Friendly ping on this. After discussion with Kenny, we think the
tracepoint and cgroups are complimentary accounting mechanisms. One of
the main use cases for the tracepoint in Android is for profiling GPU
memory using tools like perfetto [1], instead of using periodic
polling. Are there still objections to this? Please advise.

[1] https://perfetto.dev/docs/quickstart/android-tracing

Thanks,
Kalesh

>
> Thanks,
> Kalesh
>
> >
> > Thanks,
> > Kalesh
> >
> > >
> > > The problem with gpu memory account is that everyone wants their own
> > > thing, they're all slightly differently, and all supported by a different
> > > subset of drivers. That doesn't make sense to support in upstream at all.
> > >
> > > Please huddle together so that there's one set of "track gpu memory"
> > > calls, and that does cgroups, tracepoints and everything else that an OS
> > > might want to have.
> > >
> > > Also ideally this thing works for both integrated soc gpu (including an
> > > answer for special memory pools like cma) _and_ discrete gpus using ttm.
> > > Or at least has an answer to both, because again if we end up with totally
> > > different tracking for the soc vs the discrete gpu world, we've lost.
> > > -Daniel
> > >
> > > >
> > > > This series modifies the GPU memory tracepoint API in a non-breaking fashion
> > > > (patch 1), and adds accounting via the GEM subsystem (patches 2 --> 7).

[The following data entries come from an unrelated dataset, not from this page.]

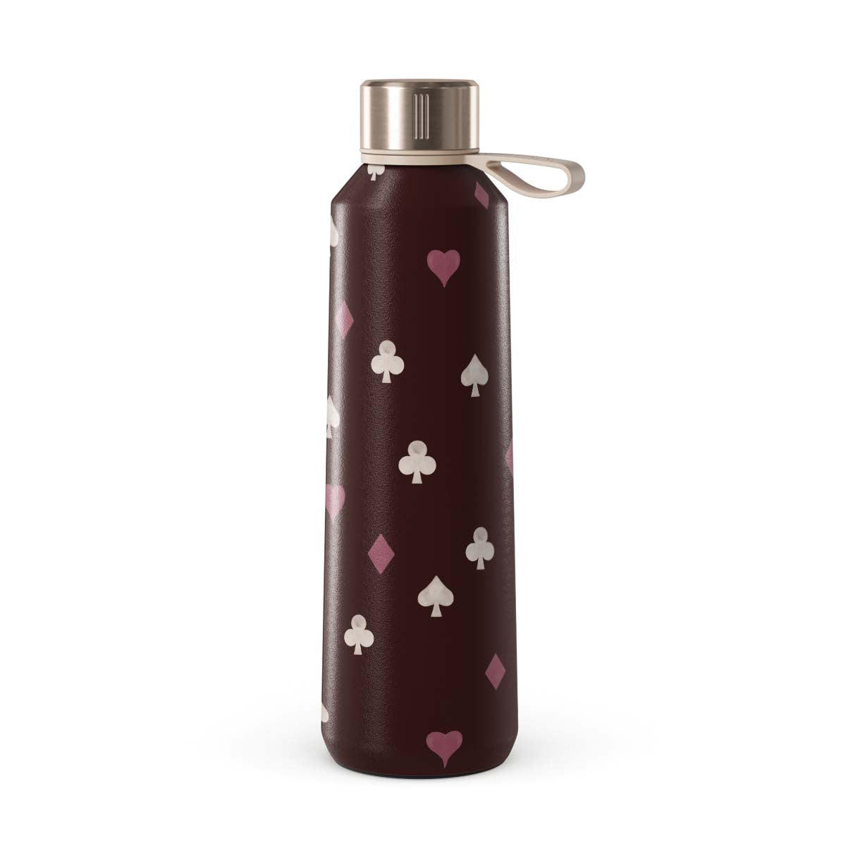 En este diseño: palos de cartas, corazones, picas, diamantes, tréboles, fondo burdeos
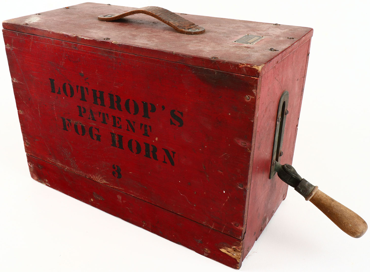 An authentic L.D. Lothrop boxed fog horn, SN: 22572. Pat. Aug. 20, 1901 as engraved on the makers brass tag. Crank handle on box side and retaining its original red painted wood box and black stenciled letters on both sides. It appears the internal bellows are still working as it makes a sound. Measures 20 1/2 in. X 9.5 in X 16 1/2 in.. This fog horn was manufactured by the L.D.Lothrop Co., in Gloucester, Mass. The fog horn was invented by Llewellyn Day Lothrop, born in Appleton, Maine in March of 1836. In 1880 Mr. Lothrop started a general ship chandlers business in Gloucester. He invented different swivels & hooks for fishing, but was best known for the famous, Lothrop PATENT Fog Horn. His business was located on Duncan Point (Harbor Loop area) on Locust St., Gloucester, Mass. Grade: Excellent - Value: 200 to 600
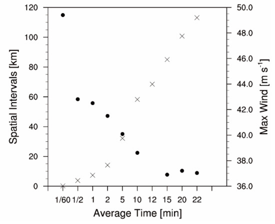 Spatial intervals (crosses; unit: km) and maximum winds (dots; unit: m s−1) of aircraft observations averaged over different time intervals.
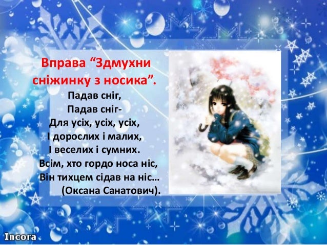 31. 31. Вправа “Здмухни сніжинку з носика”. Падав сніг, Падав сніг- Для усіх, усіх, усіх, І дорослих і малих, І веселих і сумних. Всім, хто гордо носа ніс, Він тихцем сідав на ніс… (Оксана Санатович).
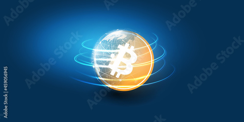 Success in Cryptocurrency Investment - Dark Blue Bit Coin Concept Design, Presentation Template - Vector Illustration
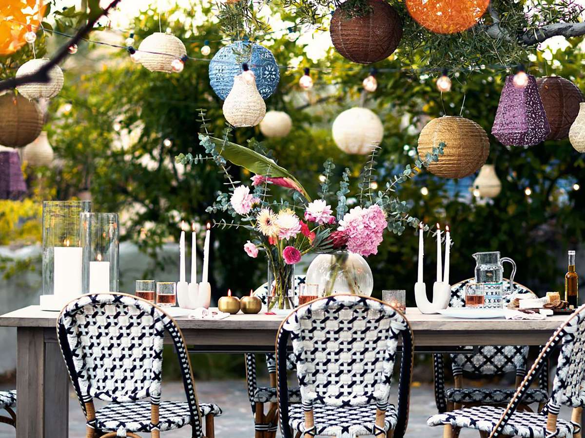 Pendure decorações em galhos de árvores e cercas e crie uma festa no jardim cheia de maravilhas.
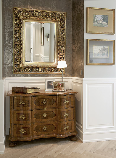 Dla przełamania dominującej czerni - antyczna brązowa komoda i lustro w barokowej ramie.

Given
> > > > the multiple places where memory events happen, there's a bunch trace events
> > > > scattered in various places.  The hardest part is allocation, where each driver
> > > > has their own API.  If there's a better way, do say so.
> > > >
> > > > The last patch is incomplete; we would like general feedback before proceeding
> > > > further.
> > > >
> > > > [1] https://lore.kernel.org/lkml/20200302235044.59163-1-zzyiwei@google.com/
> > > > [2] https://lists.freedesktop.org/archives/dri-devel/2021-January/295120.html
> > > > [3] https://www.spinics.net/lists/cgroups/msg27867.html
> > > > [4] https://www.spinics.net/lists/linux-doc/msg97788.html
> > > > [5] https://source.android.com/devices/graphics/implement-dma-buf-gpu-mem
> > > >
> > > > Gurchetan Singh (8):
> > > >   tracing/gpu: modify gpu_mem_total
> > > >   drm: add new tracepoint fields to drm_device and drm_file
> > > >   drm: add helper functions for gpu_mem_total and gpu_mem_instance
> > > >   drm: start using drm_gem_trace_gpu_mem_total
> > > >   drm: start using drm_gem_trace_gpu_mem_instance
> > > >   drm: track real and fake imports in drm_prime_member
> > > >   drm: trace memory import per DRM file
> > > >   drm: trace memory import per DRM device
> > > >
> > > >  drivers/gpu/drm/Kconfig        |  1 +
> > > >  drivers/gpu/drm/drm_gem.c      | 65 +++++++++++++++++++++++++++++++++-
> > > >  drivers/gpu/drm/drm_internal.h |  4 +--
> > > >  drivers/gpu/drm/drm_prime.c    | 22 +++++++++---
> > > >  include/drm/drm_device.h       | 16 +++++++++
> > > >  include/drm/drm_file.h         | 16 +++++++++
> > > >  include/drm/drm_gem.h          |  7 ++++
> > > >  include/trace/events/gpu_mem.h | 61 +++++++++++++++++++++----------
> > > >  8 files changed, 166 insertions(+), 26 deletions(-)
> > > >
> > > > --
> > > > 2.25.1
> > > >
> > >
> > > --
> > > Daniel Vetter
> > > Software Engineer, Intel Corporation
> > > http://blog.ffwll.ch